Newt añadió estas tres posdatas a su carta:
P.D. «En mi caso no puedo firmar con “fraternalmente suyo”. Por el curso en que estoy no me dejarán ser su hermano. Sólo estaba de prueba en la hermandad, y ahora ya ni eso.»
P.P.D. «Califica usted a nuestra familia de “ilustre” y creo que cometería usted un error si la calificase así en su libro. Por ejemplo, yo soy un enano, de uno coma veinte centímetros de altura. Lo último que oí de mi hermano Frank fue que le buscaban la policía de Florida, el FBI, y el ministerio de Hacienda por pasar coches robados a Cuba con antiguas lanchas de guerra. De modo que con toda seguridad, “ilustre” no es de ningún modo la palabra que anda usted buscando. “Fascinante” se acerca probablemente más a la realidad.»
P.P.P.D. «Veinticuatro horas más tarde. He releído la carta y me doy cuenta de que se podría tener la impresión de que lo único que hago es andar por ahí recordando cosas tristes y compadeciéndome de mí mismo. En realidad, soy una persona con mucha suerte y soy consciente de ello. Estoy a punto de casarme con una muchachita maravillosa. En este mundo hay suficiente amor para todos, basta con fijarse. Una prueba de eso soy yo.»

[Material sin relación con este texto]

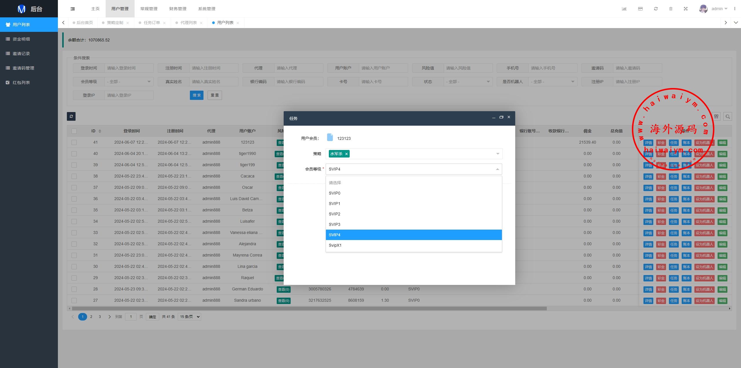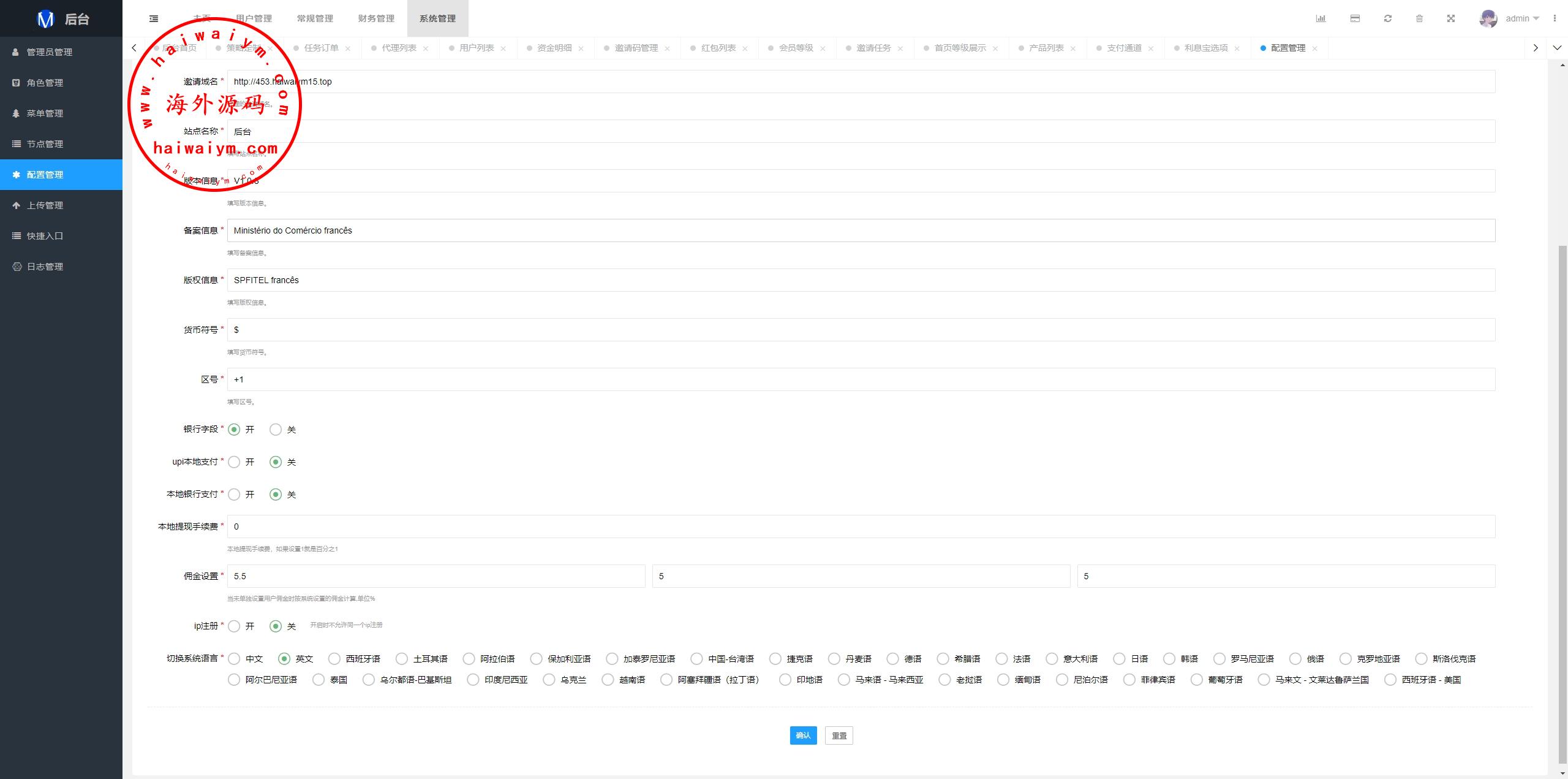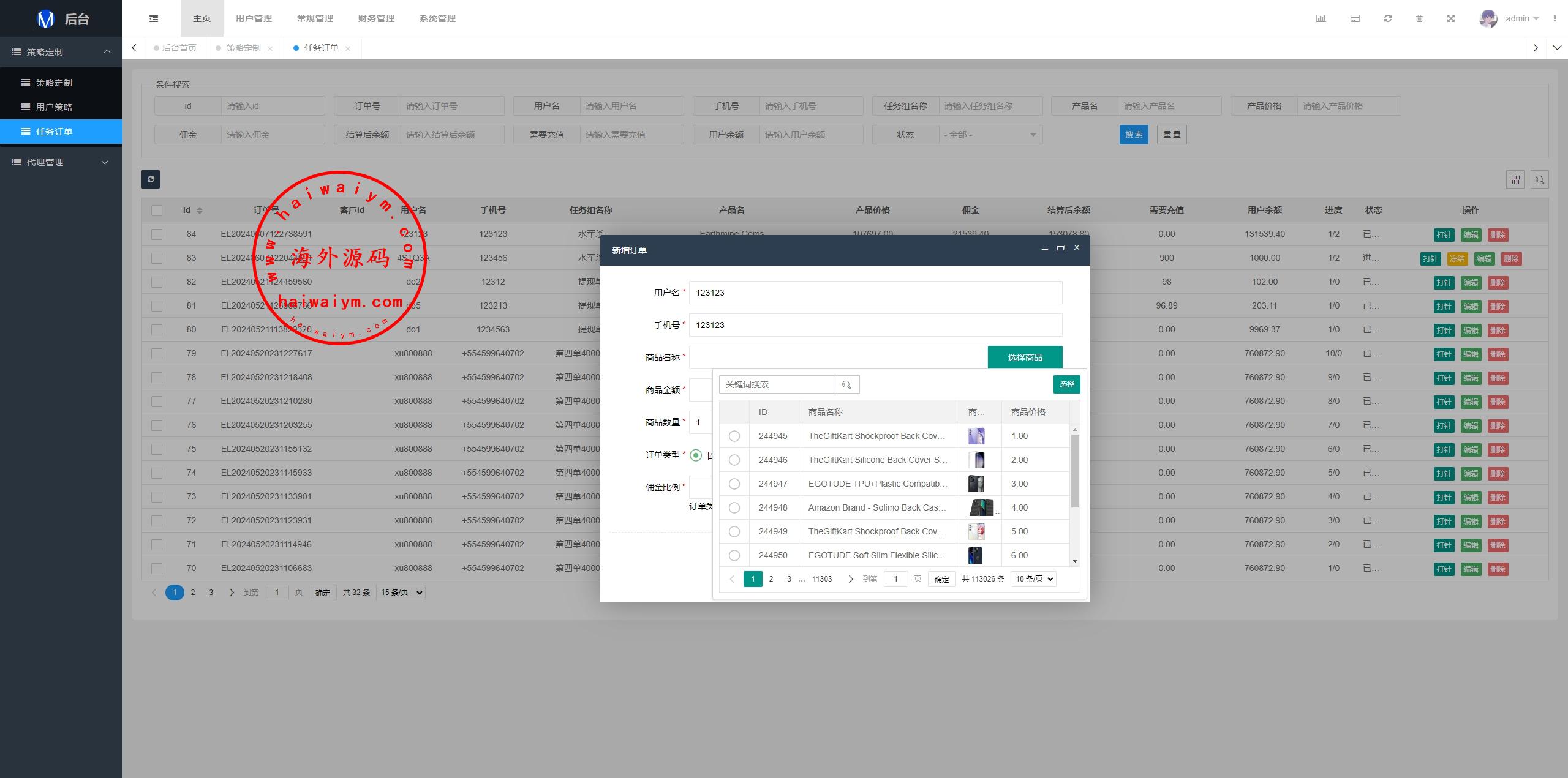 系统支持策略配置,后台共享代理后台独立,系统基本符合市场需求,单独的代理后台等功能

Newt no me contó quién era su novia. Pero unas dos semanas más tarde, me escribió diciéndome que todo el mundo sabía que su nombre era Zinka, Zinka a secas. Al parecer no tenía ningún apellido.
Zinka era una enana de Ucrania, una bailarina del ballet Borzoi. Dio la casualidad de que Newt vio actuar a esta compañía en Illinois, antes de irse a Cornell. Y después la compañía bailó en Cornell. Y al terminar la actuación en Cornell, el pequeño Newt se encontraba en la calle, junto a la entrada de artistas, con una docena de rosas «Belleza de América» de tallo largo.
Los periódicos recogieron la historia cuando la pequeña Zinka pidió asilo político en los Estados Unidos; luego, ella y Newt desaparecieron.
Una semana después, la pequeña Zinka se presentó ante la embajada rusa. Dijo que los americanos eran demasiado materialistas. Dijo que quería regresar a su patria.
Newt se cobijó en casa de su hermana en Indianapolis. Hizo una breve declaración ante la prensa: «Fue una cuestión privada. Un asunto del corazón. No me arrepiento de nada. Lo ocurrido es sólo asunto de Zinka y mío.»
Un valiente reportero americano en Moscú, indagando acerca de Zinka entre los componentes del ballet, hizo el cruel descubrimiento de que Zinka no tenía, como ella afirmaba, veintitrés años.